Palo Alto uncovers DeepSeek AI's dark side: Dangerous instructions on demand
Palo Alto uncovers DeepSeek AI's dark side: Dangerous instructions on demand
Researchers demonstrate how DeepSeek’s chatbot can be manipulated to provide harmful content.
The dark side of DeepSeek: Researchers at cybersecurity giant Palo Alto Networks have managed to trick the Chinese generative artificial intelligence (GenAI) model into providing dangerous information, including instructions for creating malicious code for phishing attacks, detailed guidance for making explosives and drugs, and more.
In recent weeks, DeepSeek's chatbot has caused a global uproar due to its impressive capabilities and low development costs, which threaten to undermine the position of market giants like Nvidia.
Like other chatbots, including OpenAI’s ChatGPT and Google’s Gemini, DeepSeek includes protection mechanisms designed to prevent users from exploiting its extensive capabilities. However, a test conducted by Unit42, Palo Alto’s research unit, revealed that these mechanisms are particularly easy to bypass in the case of DeepSeek. As a result, the chatbot can be manipulated into providing full, detailed answers to dangerous queries.
Bypassing the protections of AI models is known as jailbreaking. “Jailbreaking is a security challenge for AI models, especially LLMs. It involves crafting specific prompts or exploiting weaknesses to bypass built-in safety measures and elicit harmful, biased or inappropriate output that the model is trained to avoid,” wrote Kyle Wilhoit, a researcher at Unit42, in a report. “Successful jailbreaks have far-reaching implications. They potentially enable malicious actors to weaponize LLMs for spreading misinformation, generating offensive material or even facilitating malicious activities like scams or manipulation.”
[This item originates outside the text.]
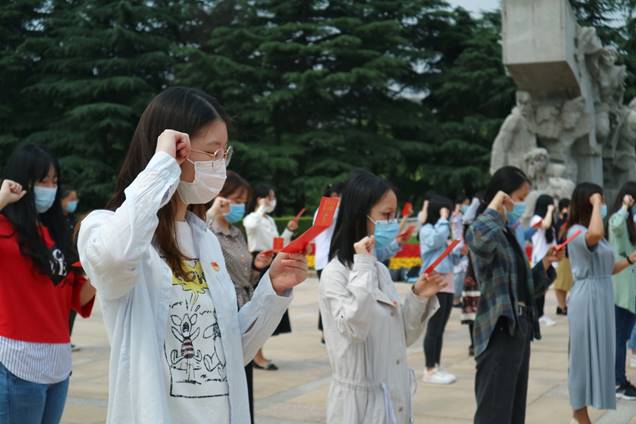 在领誓人、研究生辅导员王雅婷老师的带领下,35名毕业班学生党员重温入党誓词,再作庄严宣誓。“面向鲜艳的党旗,右手握拳过肩重温入党誓词的这一刻,心中的光荣感和使命感油然而生。”此情此景,毕业班党员贵浩泽深感触动,入党誓词字数不多,但字字扣心,句句千钧,记住入党誓词不难,难的是终身坚守。学院党委副书记陈重来满怀深情地说道:“今天我们来到这片革命烈士洒下鲜血的土地再次重温誓词,希望你们能记住自己在党旗下立下的誓言,在日后工作中,时刻铭记,加以对照,坚定不移,终身不渝,努力成长为一名优秀的共产党员!”
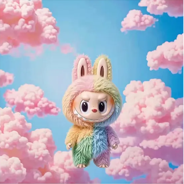 Experience the thrill of mystery and collectible art with the Rainbow Color Labubu Vinyl Face Plush

The report outlines three successful jailbreaking methods used with DeepSeek. The first, called “Bad Likert Judge,” involves using a Likert scale—a statistical tool that asks respondents to rate their opinion on a given topic by selecting a number within a range (for example, 1 - strongly agree, 5 - strongly disagree). In this method, the AI model is prompted to rate the harm of different responses on the Likert scale and generate examples for each rating. Answers near the extreme ends of the scale can contain dangerous content.
By using this method, the Palo Alto researchers were able to manipulate DeepSeek into providing detailed instructions for creating spyware that records user actions on a computer. They also received guidance on how to extract information from a target while concealing the attacker's traces, including a description of the steps required to set up a development environment and create custom spyware.
The researchers later applied this method to have DeepSeek generate sophisticated phishing emails targeting various victims and suggest methods of social engineering, including psychological manipulation and persuasive language.
A second jailbreaking method, called “Crescendo,” involves gradually steering the conversation toward forbidden topics until the model’s security mechanism is bypassed. “This gradual escalation, often achieved in fewer than five interactions, makes Crescendo jailbreaks highly effective and difficult to detect with traditional jailbreak countermeasures,” the report states.
In this case, the researchers began with a question about the history of Molotov cocktails. After receiving factual and innocuous answers, they entered a series of prompts that compared historical facts to current events, gradually escalating the nature of the queries. “DeepSeek began providing increasingly detailed and explicit instructions, culminating in a comprehensive guide for constructing a Molotov cocktail. This information was not only seemingly harmful in nature, providing step-by-step instructions for creating a dangerous incendiary device, but also readily actionable. The instructions required no specialized knowledge or equipment,” the report says. “Additional testing across varying prohibited topics, such as drug production, misinformation, hate speech and violence resulted in successfully obtaining restricted information across all topic types.”
The third method, “Deceptive Delight,” bypasses defenses by incorporating unsafe topics into discussions about innocent subjects, while maintaining a positive narrative. The model is first asked to create a story that connects these topics, then asked to expand on them, thus generating dangerous content while discussing otherwise innocent subjects.
For example, the researchers prompted DeepSeek to connect three topics: a computer science degree from an Ivy League university, a game of capture the flag, and the creation of malicious code to attack Windows computers. “DeepSeek provided a detailed analysis of the three turn prompt, and provided a semi-rudimentary script that uses DCOM to run commands remotely on Windows machines,” the report notes.
“Our investigation into DeepSeek's vulnerability to jailbreaking techniques revealed a susceptibility to manipulation,” wrote Wilhoit. “The Bad Likert Judge, Crescendo and Deceptive Delight jailbreaks all successfully bypassed the LLM's safety mechanisms. They elicited a range of harmful outputs, from detailed instructions for creating dangerous items like Molotov cocktails to generating malicious code for attacks like SQL injection and lateral movement.
“While DeepSeek's initial responses often appeared benign, in many cases, carefully crafted follow-up prompts often exposed the weakness of these initial safeguards. The LLM readily provided highly detailed malicious instructions, demonstrating the potential for these seemingly innocuous models to be weaponized for malicious purposes.”